AUTHOR=Phan Nam Nhut , Hsu Chih-Yi , Huang Chi-Cheng , Tseng Ling-Ming , Chuang Eric Y. TITLE=Prediction of Breast Cancer Recurrence Using a Deep Convolutional Neural Network Without Region-of-Interest Labeling JOURNAL=Frontiers in Oncology VOLUME=11 YEAR=2021 URL=https://www.frontiersin.org/journals/oncology/articles/10.3389/fonc.2021.734015 DOI=10.3389/fonc.2021.734015 ISSN=2234-943X ABSTRACT=Purpose

The present study aimed to assign a risk score for breast cancer recurrence based on pathological whole slide images (WSIs) using a deep learning model.

Methods

A total of 233 WSIs from 138 breast cancer patients were assigned either a low-risk or a high-risk score based on a 70-gene signature. These images were processed into patches of 512x512 pixels by the PyHIST tool and underwent color normalization using the Macenko method.
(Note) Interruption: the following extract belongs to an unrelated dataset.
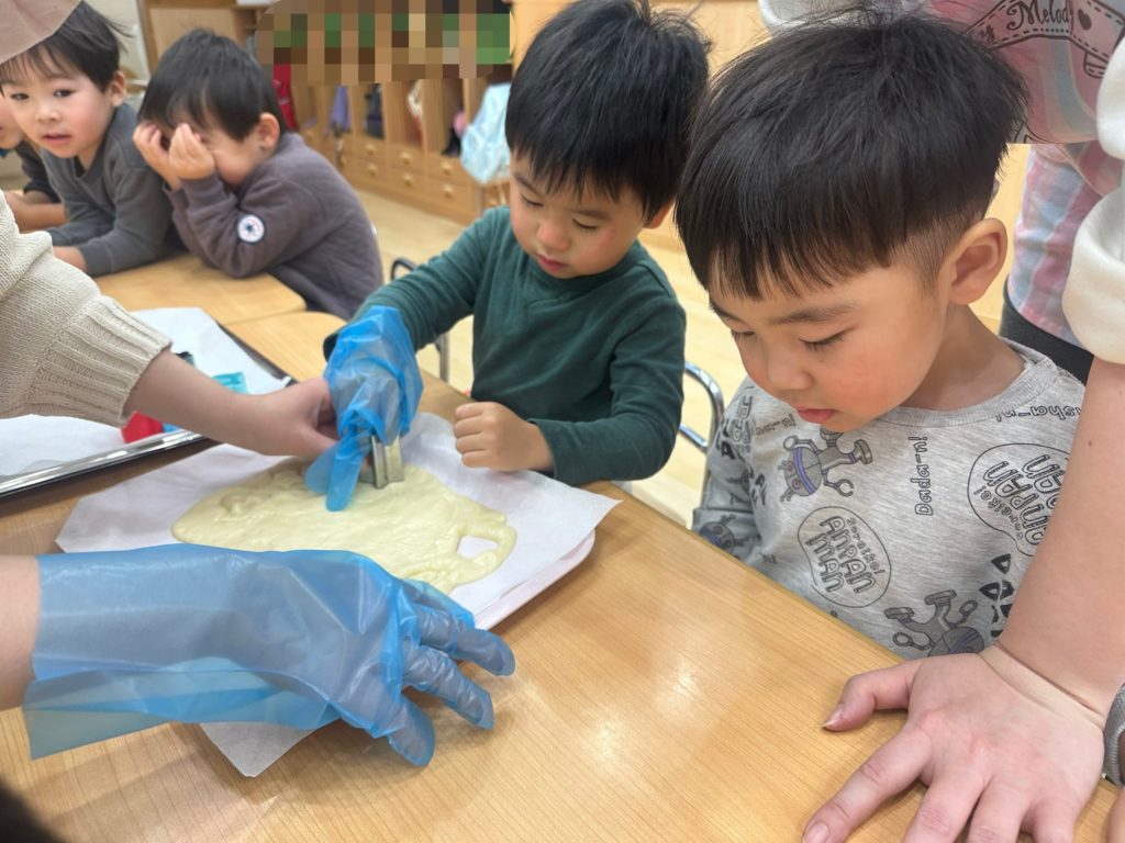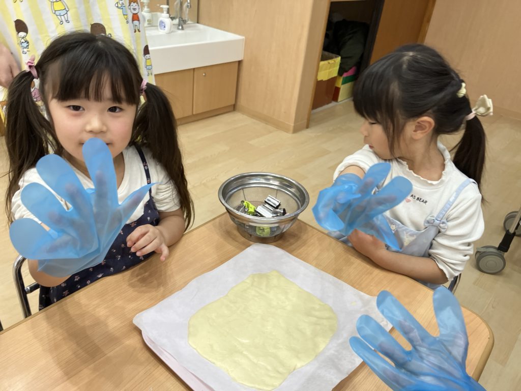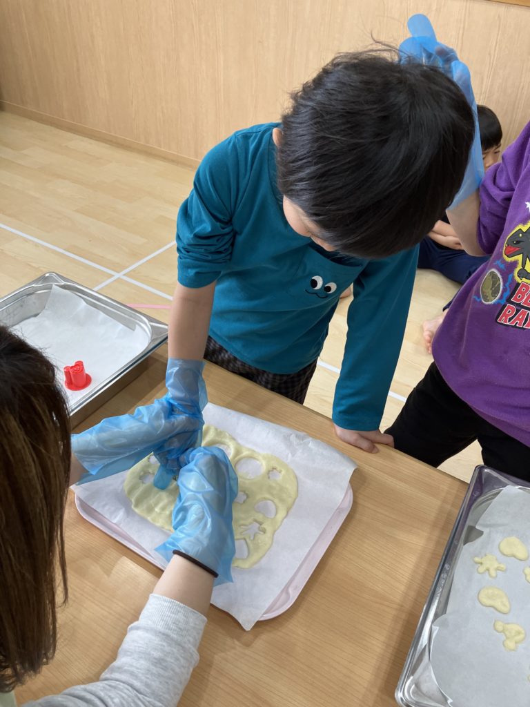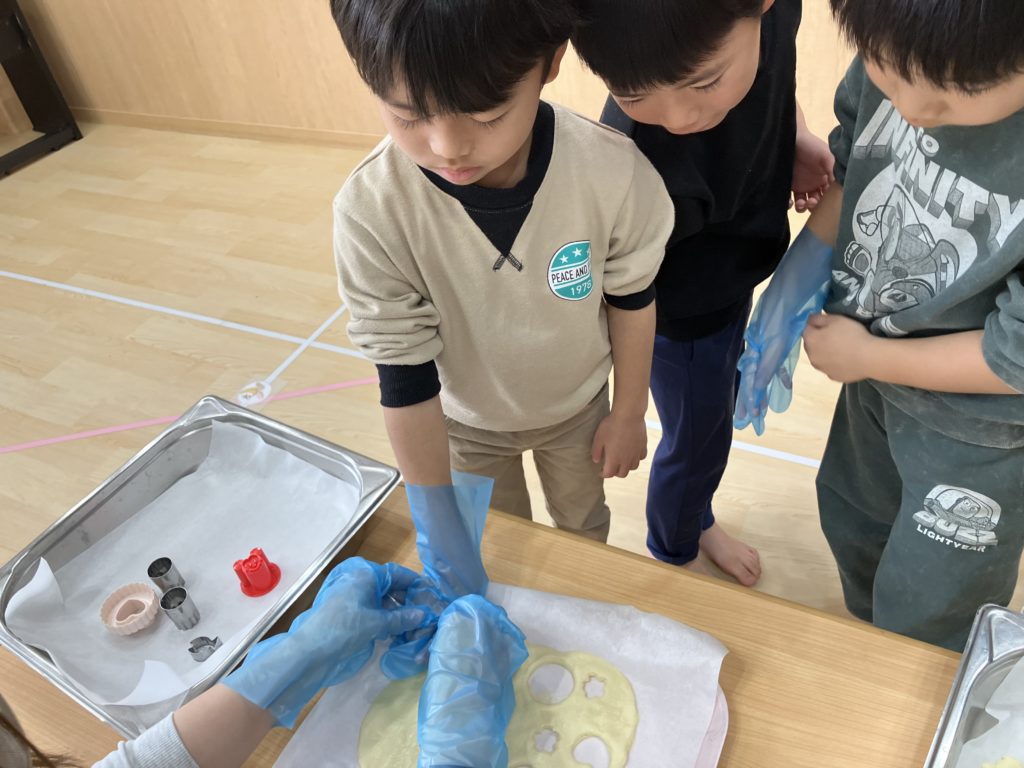 今日は、うみ組ひかり組ゆめ組のお友だちがクッキーの型抜きに挑戦⭐️

Afterward, out of focus and pixelated patches were removed using the Laplacian algorithm. Finally, the remaining patches (n=294,562) were split into 3 parts for model training (50%), validation (7%) and testing (43%). We used 6 pretrained models for transfer learning and evaluated their performance using accuracy, precision, recall, F1 score, confusion matrix, and AUC. Additionally, to demonstrate the robustness of the final model and its generalization capacity, the testing set was used for model evaluation. Finally, the GRAD-CAM algorithm was used for model visualization.

Results

Six models, namely VGG16, ResNet50, ResNet101, Inception_ResNet, EfficientB5, and Xception, achieved high performance in the validation set with an overall accuracy of 0.84, 0.85, 0.83, 0.84, 0.87, and 0.91, respectively. We selected Xception for assessment of the testing set, and this model achieved an overall accuracy of 0.87 with a patch-wise approach and 0.90 and 1.00 with a patient-wise approach for high-risk and low-risk groups, respectively.

Conclusions

Our study demonstrated the feasibility and high performance of artificial intelligence models trained without region-of-interest labeling for predicting cancer recurrence based on a 70-gene signature risk score.